Abdullah Efendinin Rüyaları
Abdullah Efendinin Rüyaları – Ahmet Hamdi Tanpınar
Ahmet Hamdi Tanpınar‘ın öykü kitabı (1943). Kitapta beş uzun öykü vardır: Abdullah Efendinin Rüyaları, Geçmiş Zaman Elbiseleri, Bir Yol, Erzurumlu Tahsin, Evin Sahibi.
Bu öyküler, düşle gerçeğin çatışması, kişilerin birbirine karşıt iki ayrı dünyada yaşaması ve birbiriyle çekişen iki kişiliğin bulunması gibi ortak özellikler çevresinde gelişirler. Tanpınar‘ı dış dünyadan çok iç dünya, yaşanılan gerçekten çok gerçek dışı olan ilgilendirir.
O, ele aldığı insanın içindeki ikinci adamın peşindedir. Marazı, kuruntulu, görünenin ve bilinenin ardındakini araştıran, daha doğru bir deyişle gerçeği değiştiren, zamanın ve mekânın bilinen boyutları dışına çıkarak düşsel görünümler yaratan, insanın gerçek dünyadaki yaşamasını yöneten, onu huzursuz kılan bir ikinci adamın. Böylece, bilinçaltının zamana ve mekâna bağlı olmayan karmakarışık bir görünümünü sergiler Tanpınar.

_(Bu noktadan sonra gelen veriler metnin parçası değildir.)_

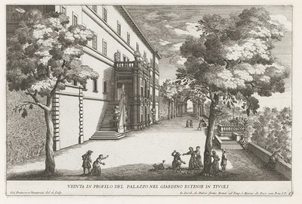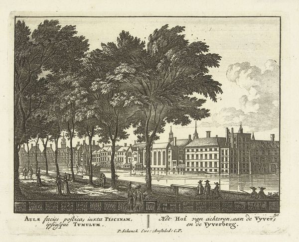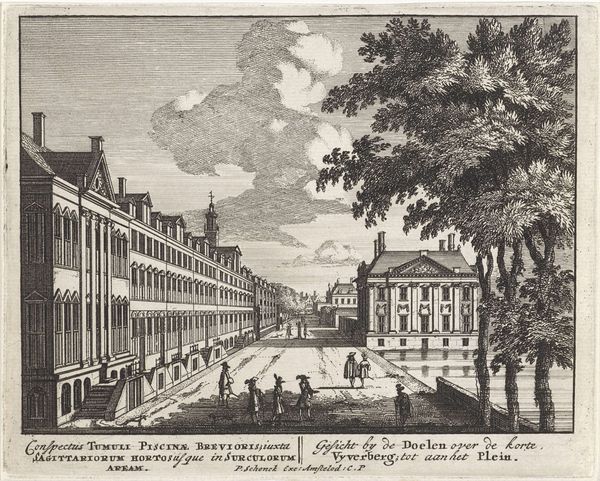 Editor: This engraving, "Gezicht op de Lange Poten en het Plein te Den Haag," whose creator is listed as anonymous, dates to sometime between 1686 and 1711. It's incredibly detailed; I'm struck by how this print medium can still evoke the stillness of a serene afternoon. What stands out to you in this particular piece? Curator: What grabs my attention is how this print highlights the *process* of urbanization. Think about the labor involved: the engraver meticulously carving into the metal plate, the paper-making process itself. The image depicts an ordered, almost sterile environment. Who benefits from this controlled representation? Is it a celebration of the rising merchant class, perhaps subtly advertising a desirable lifestyle built on consumption and colonial extraction? Editor: Consumption? How do you read that in a cityscape? Curator: Consider what's absent. Are there vendors or signs of labour openly visible? The figures in the foreground seem leisurely – consumers rather than producers. The meticulous detail, especially in the architecture, screams affluence. We need to examine how this image actively constructs a vision of Dutch prosperity and civility. What is shown versus what is *not* shown becomes extremely relevant when exploring the context of labour and materials. Editor: I see your point. The *lack* of visible labor sort of… reinforces the comfortable lifestyle. It’s a very curated picture. Curator: Precisely. And the very *means* of its production, the print medium, makes it easily reproducible, expanding the circulation of this idealized vision, and contributing to the cycle of production and consumption on a societal scale. It’s all interconnected. Editor: That changes how I view the engraving. I will certainly look at it through that lens now! Thanks for sharing these novel thoughts.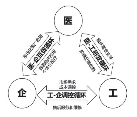 第三个循环是“医企互促循环”,是指产品通过临床应用,实现市场化推广,并由医院团队指导临床应用,制定个体化医疗方案。而这又反过来推动技术持续迭代更新,最终将基础研发成果转化为安全可靠、国际认可、容易普及的创新产品。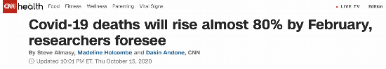 另据美国有线电视新闻网(CNN)15日报道,华盛顿大学医学院卫生计量与评估研究所的模型预测,到2021年2月,美国新冠肺炎死亡病例数将增加约17.1万例,达389087例,或上升78%。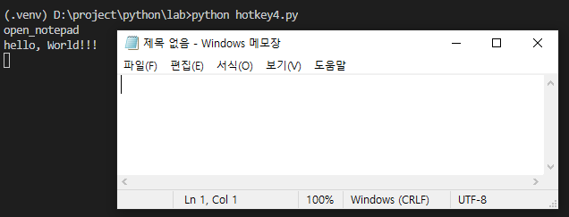 - 8 ln: 키보드 왼쪽의 [ ALT ]와 [ 숫자 2 ]을 누르면, open_notepad함수를 실행.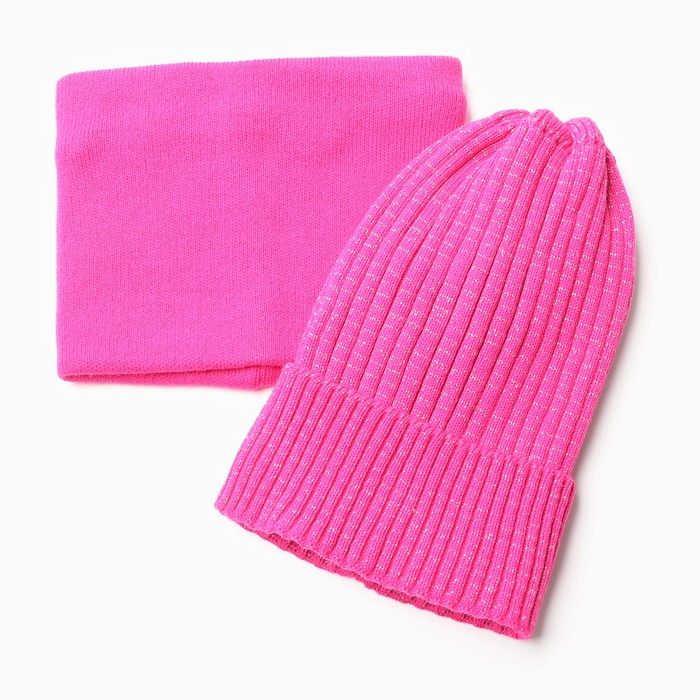 Комплект для девочки (шапка, снуд), цвет малиновый, размер 52-56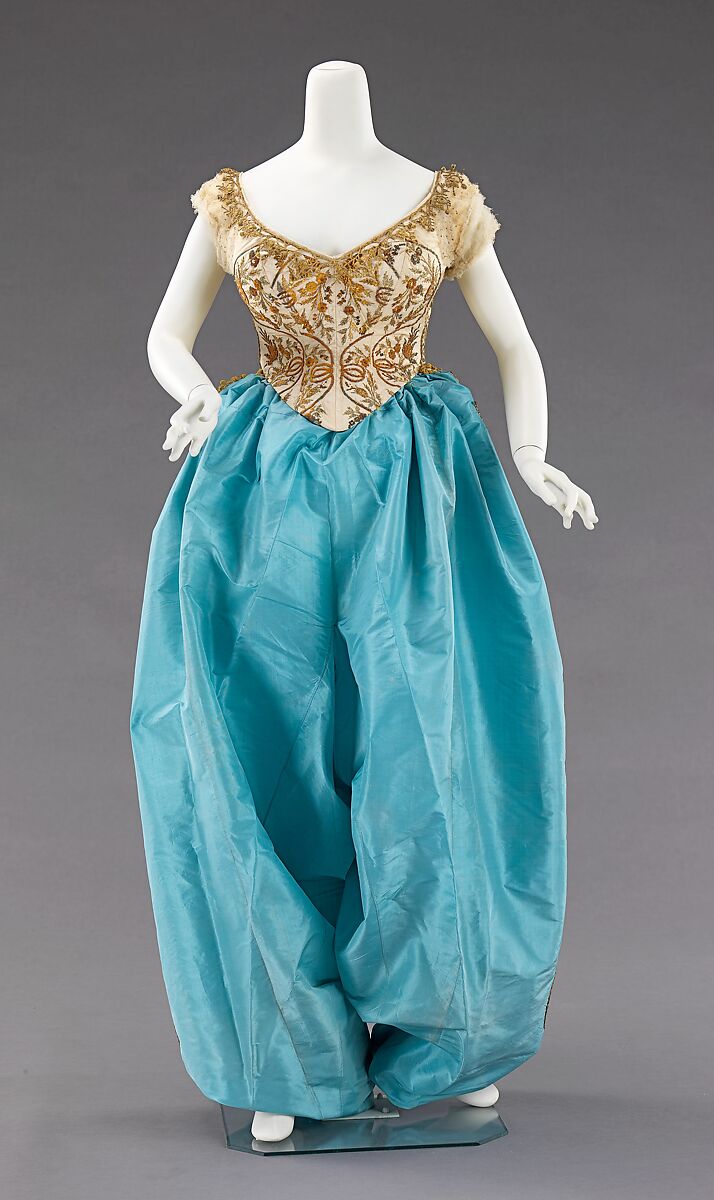 This Turkish style costume exhibits the European and American fascination with Turkish dress which stems from the 18th century and endured throughout the 19th and early 20th centuries. This trend culminated in 1911 with Paul Poiret's "harem" pants and Turkish themed fancy dress ball, "1002nd Night." This style of pants also saw widespread use in the early 19th century for water exercises.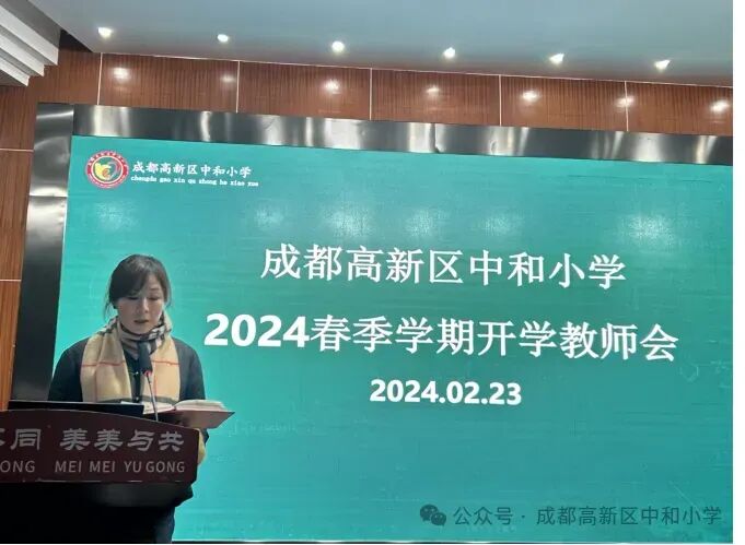 春归启新程,奋楫正当时。为了确保新学期各项工作安全、顺利、高效地开展,中和小学教育集团于2024年2月23日上午召开2024年春季学期开学工作会议,会议由李林蔓老师主持,中和小学教育集团全体教师参会。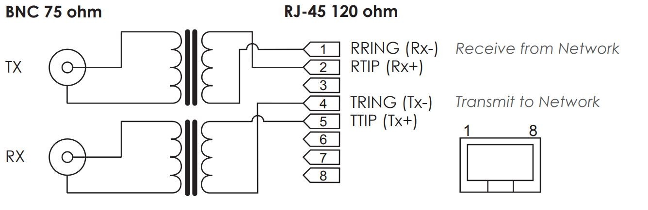 Konverterar mellan 75Ω COAX-kabel och 120Ω tvinnat par E1 (2048 Kbit)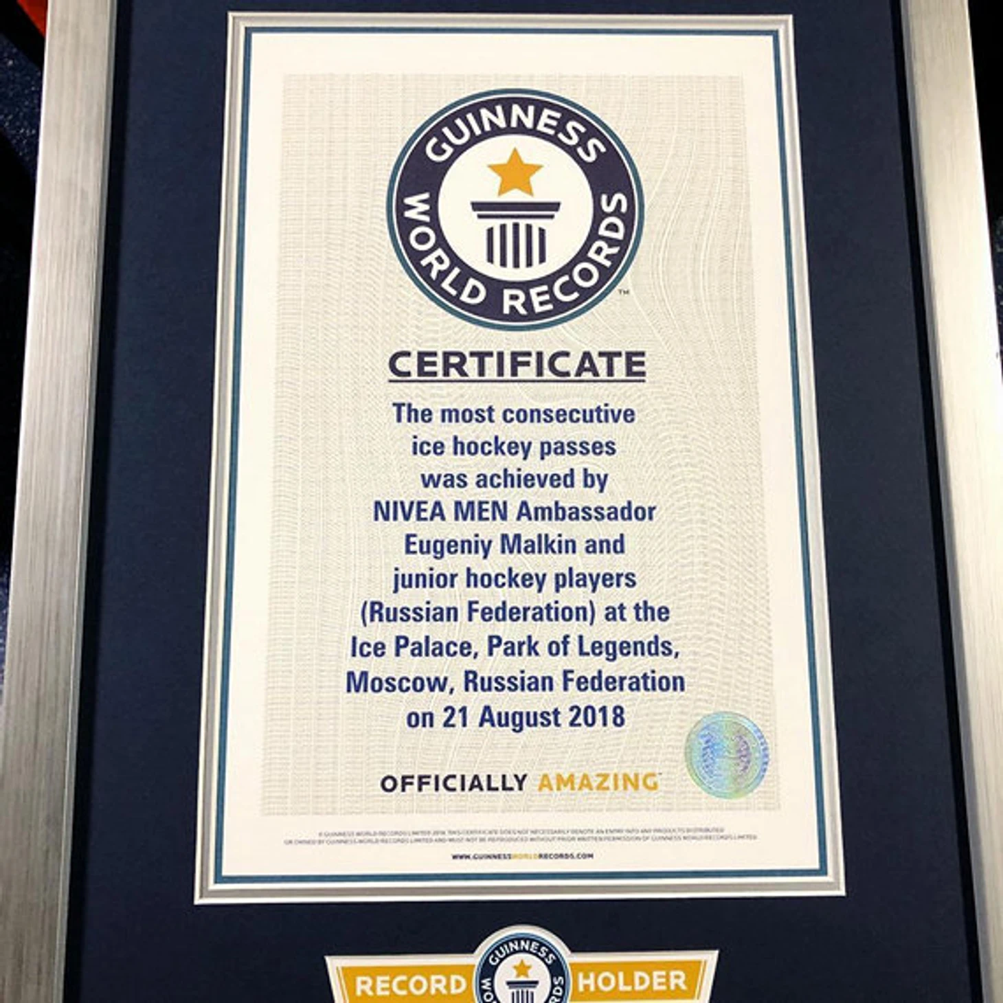 Вместе с юными ребятами из московских хоккейных спортшкол Малкин вписал себя в Книгу Гиннесса в номинации «Самая длинная хоккейная комбинация». Игроки должны были сделать не меньше сотни передач, каждая из которых не меньше 9,1 метра. На обработку и следующий пас давалось не больше пяти секунд. С этим успешно справились все.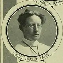Isabel Haslup Lamb (1864-1936), was an American physician and co-founder of the Women's Medical Society of the District of Columbia, with Mary Almera Parsons. She was also reportedly the first woman to drive a car in Washington, D.C.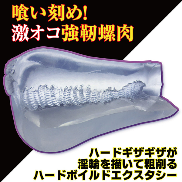 螺旋状に配置されたハードギザギザが淫輪を描いて粗削るハードボイルドなエクスタシー!甘いゾリ感じゃ納得できない方向けの攻撃的なギミックが、カリを徹底的に責めたて快感へと誘います♪一般的なゾリ感のオナホに飽きたならぜひどうぞ!ただの螺旋とは雲泥の差があるHARD刺激で飛びイキ必至です♪

Yazarın bilinçli olarak rüya sözcüğünü seçmesi, öykülerinin, içinde yaşadığımız zamanla bağlı olmamasıyla açıklanabilir. Çünkü zamanın üç boyutu olan geçmiş, şimdi ve gelecek Ahmet Hamdi Tanpınar’da iç içedir. Denebilir ki rüya sözcüğü, Tanpınar’ın öykülerini açıklamak için kullanılabilecek tek anahtardır. Rüyada zaman ve mekân kavramı yoktur. Özlemler, doyurulmamış istekler, kısaca bilinçaltı, rüya biçiminde çıkar insanın karşısına. Masal, mitolojik öğeler, hayal ve büyü, bütün bunlar rüya kavramıyla ilgilidir.
Özetlenirse, Abdullah Efendinin Rüyaları, insanın iç dünyasına yönelmiş dikkatler ve gözlemler bütünüdür. Bir şairin, belli bir görüşe bağlı bir düşünürün, plastik özellikler taşıyan bir anlatımla ve felsefî bir tedirginlikle insana bakışı da denebilir buna.
KAYNAKÇA:
Tahir Alangu, Cumhuriyetten Sonra Hikâye ve Roman, c.3, s. 584-589, 1965; Vedat Günyol, Dile Gelseler, s. 173, 1966; Bir Gül Bu Karanlıklarda, Haz. A. Uçman-H. İnci, 2002.